Task objective: The material below is to be copied exactly from the line with "Aussicht vom Zimmer" up to and including the line with "La lampe iconique", with nothing else kept and no pictures.

─── Available data

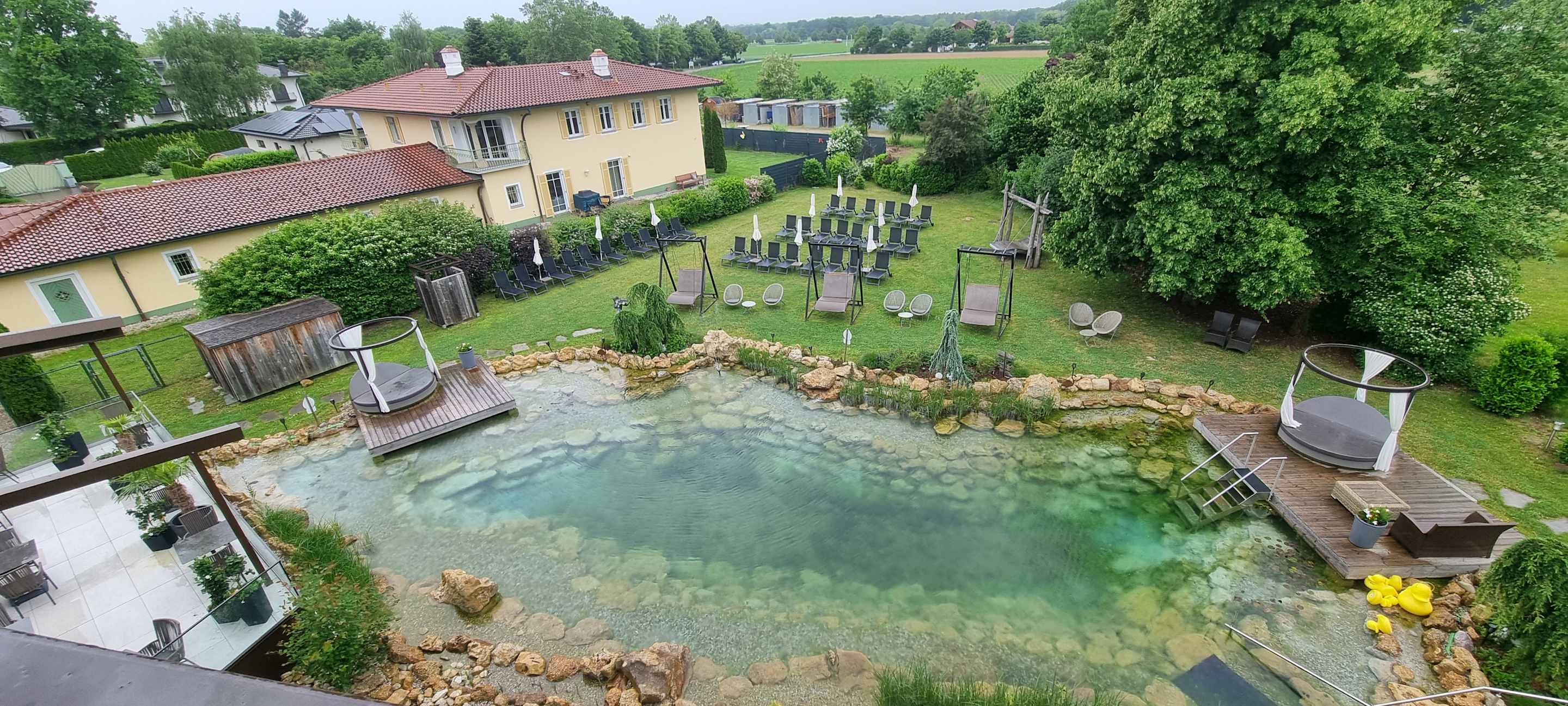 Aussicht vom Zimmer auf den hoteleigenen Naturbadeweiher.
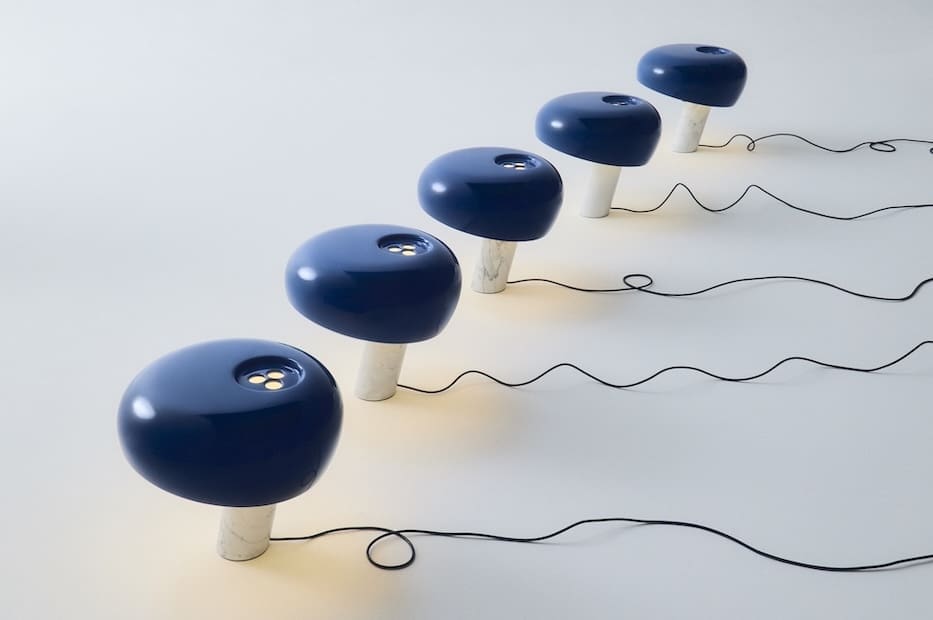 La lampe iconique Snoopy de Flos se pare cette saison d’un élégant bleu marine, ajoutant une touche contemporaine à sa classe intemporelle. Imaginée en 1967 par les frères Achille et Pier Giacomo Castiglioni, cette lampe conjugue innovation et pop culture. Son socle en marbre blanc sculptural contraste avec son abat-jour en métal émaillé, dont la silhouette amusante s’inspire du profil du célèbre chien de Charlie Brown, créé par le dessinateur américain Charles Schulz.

──────
─── Available data

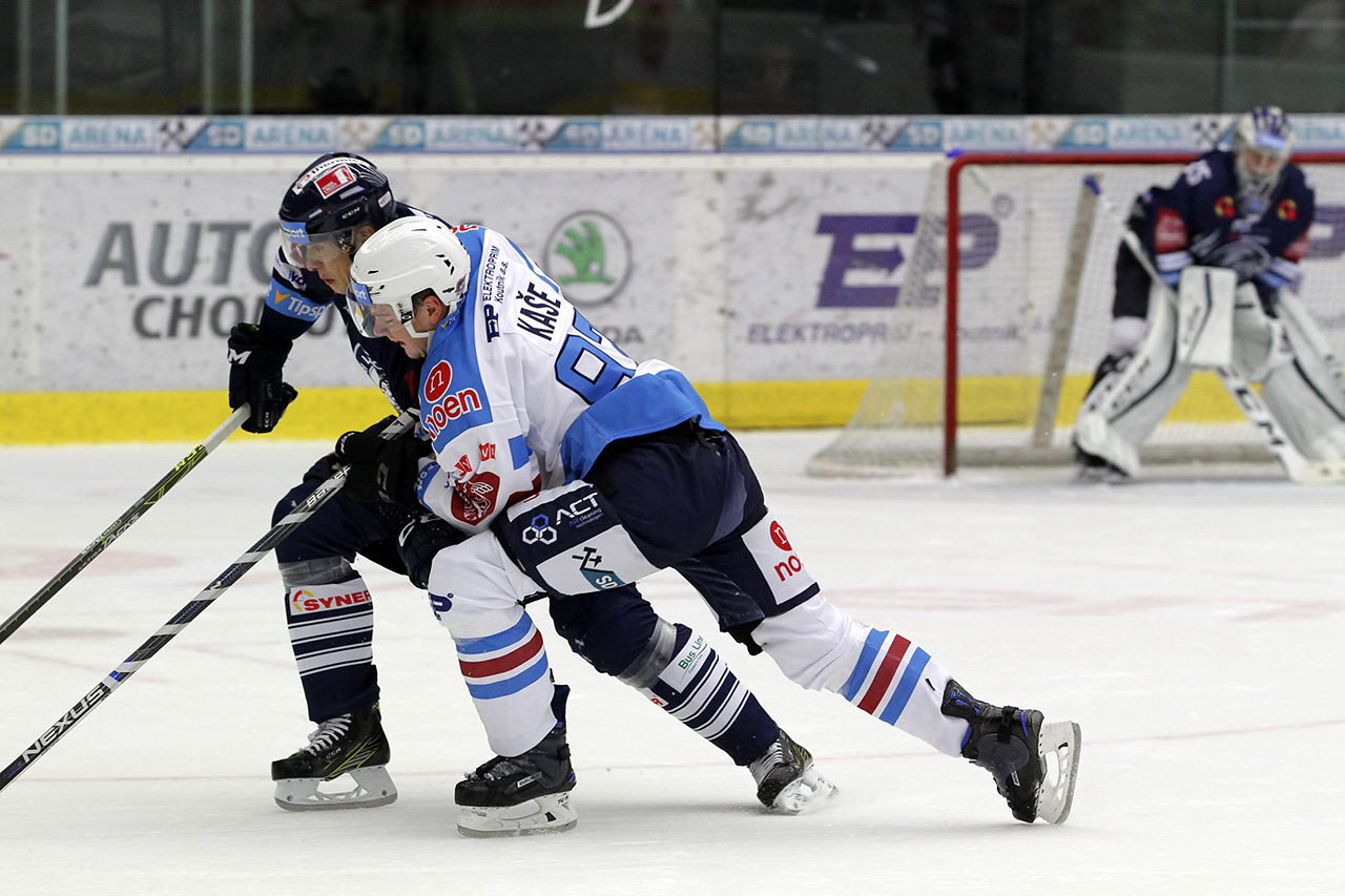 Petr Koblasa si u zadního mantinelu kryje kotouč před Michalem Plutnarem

──────

Task output:
 Aussicht vom Zimmer auf den hoteleigenen Naturbadeweiher.
 La lampe iconique Snoopy de Flos se pare cette saison d’un élégant bleu marine, ajoutant une touche contemporaine à sa classe intemporelle. Imaginée en 1967 par les frères Achille et Pier Giacomo Castiglioni, cette lampe conjugue innovation et pop culture. Son socle en marbre blanc sculptural contraste avec son abat-jour en métal émaillé, dont la silhouette amusante s’inspire du profil du célèbre chien de Charlie Brown, créé par le dessinateur américain Charles Schulz.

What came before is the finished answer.